2 whorls on a head is a sign of a good horse with a nice personality

A prophets thumb mark is a sign of a good horse

Know any more?


----------



## Montyforever (21 October 2010)

One white foot, buy him.
Two white feet, try him.
Three white feet, be on the sly.
Four white feet, pass him by.


----------



## singing dawg (21 October 2010)

Plagerised.....

Are four white feet bad? Or good? There are two different versions of 'white feet' rhymes, with different suggestions. 
The two poems are:

One white foot, buy him.
Two white feet, try him.
Three white feet, be on the sly.
Four white feet, pass him by. 

The other says just the opposite:

One white foot, keep him not a day,
Two white feet, send him far away,
Three white feet, sell him to a friend,
Four white feet, keep him to the end.


----------



## Cedars (21 October 2010)

Oh dear my poor little foalie would be passed by! But thats fine cos shes all mine 

Does it count if they're coloured though....?


----------



## NicoleS_007 (21 October 2010)

I just read that a prophets thumb mark ment the horse was blessed and if your thumb fits the print perfectly then your the horses true owner. Interesting stuff but i no longer believe  My horse had two swirls on his head and he was a moody git and he was deffo not blessed with that thumb thing haha :rolleyes


----------



## JenHunt (21 October 2010)

No 'oof no 'orse

choose hunters with the face of a duchess and the @rse of a cook...


----------



## lialls (21 October 2010)

A horse with white flecks in his coat is ment to be lucky.


----------



## Mrs B (21 October 2010)

When I was a kid in Leicestershire, there was an old rogue of a dealer called Ron Tivey. (He once turned up at the yard driving his lorry with no boots on. He'd met someone who'd admired them, so he'd sold 'em.)

Anyhoo, he always said:

" There's only one guarantee with 'osses. They'll mek ya look daft".


----------



## Three (21 October 2010)

choose hunters with the face of a duchess and the @rse of a cook
		
Click to expand...

I was taught this for cobs too!

And for breeding 'Mare for temperament, stallion for looks'


----------



## Allover (21 October 2010)

Big ears = good temperament

An ounce on the foot is a pound on the back!


----------



## NicoleS_007 (21 October 2010)

Kate Sturgess said:



			When I was a kid in Leicestershire, there was an old rogue of a dealer called Ron Tivey. (He once turned up at the yard driving his lorry with no boots on. He'd met someone who'd admired them, so he'd sold 'em.)

Anyhoo, he always said:

" There's only one guarantee with 'osses. They'll mek ya look daft". 

Click to expand...

LOL this is deffo true


----------



## BuBbleMooJim (21 October 2010)

I like this one:
Tell a gelding, ask a stallion, put it to a mare for her consideration.

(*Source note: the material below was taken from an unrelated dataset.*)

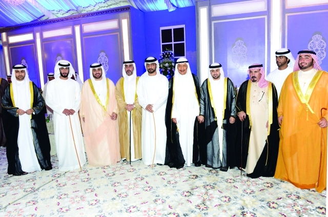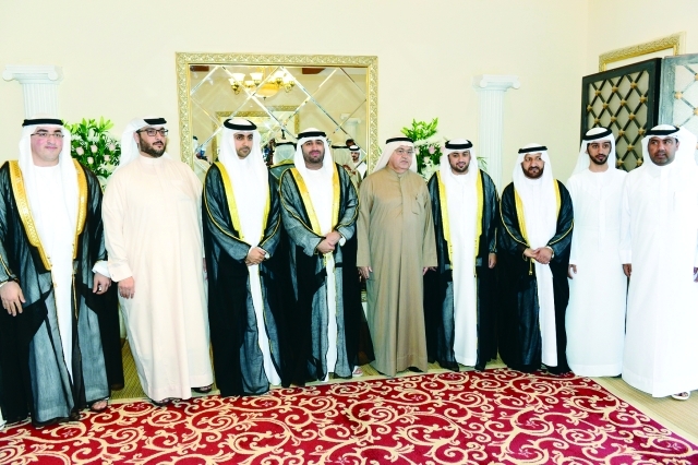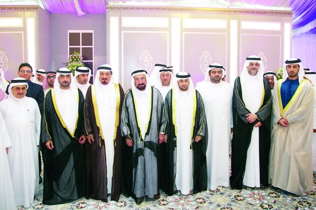 حضر صاحب السمو الشيخ الدكتور سلطان بن محمد القاسمي عضو المجلس الأعلى حاكم الشارقة، وصاحب السمو الشيخ حميد بن راشد النعيمي عضو المجلس الأعلى حاكم عجمان، حفل الاستقبال الذي أقيم بمناسبة زفاف الشيخ محمد بن حميد القاسمي، مدير دائرة الإحصاء والتنمية المجتمعية إلى كريمة الشيخ عبدالله بن محمد القاسمي.

The white sock one I heard was: Four white socks keep him not a day, three white socks send him far away, two white socks give him to a friend, one white sock keep him to his end. As this is an old saying I assume its because it used to be thought pale hooves were weaker than dark ones, and the more socks a horse had, the more pale feet it had!


----------



## HappyHorses:) (21 October 2010)

I remember one that was something like 'no horse looks good at blackberry picking' think it indicated the changing of their coats


----------



## Hels_Bells (21 October 2010)

"If there's an accident waiting to happen a horse will find it"!

Will be checking to see if my thumb fits my boys thumb prints tomorrow morning first thing!


----------



## only_me (21 October 2010)

I heard that it was tell a gelding, ask a mare and discuss with a stallion!


----------



## Oberon (21 October 2010)

One white foot, buy a horse
Two white feet, try a horse
Three white feet, look well about them
Four white feet, do well without 'em.


----------



## immoralorchid (21 October 2010)

a good horse is never a bad colour


----------



## Cuppatea (21 October 2010)

white socks rhyme i know:
one, buy it,
two, try it,
three, suspect it,
four, reject it!


----------



## wonkey_donkey (21 October 2010)

Hansome is as hansome does . . . . . and never a true word said !!


----------



## BuBbleMooJim (21 October 2010)

only_me said:



			I heard that it was tell a gelding, ask a mare and discuss with a stallion! 

Click to expand...

Try explaining that to my mare!!


----------



## mulledwhine (21 October 2010)

I dont know if this counts, but here goes......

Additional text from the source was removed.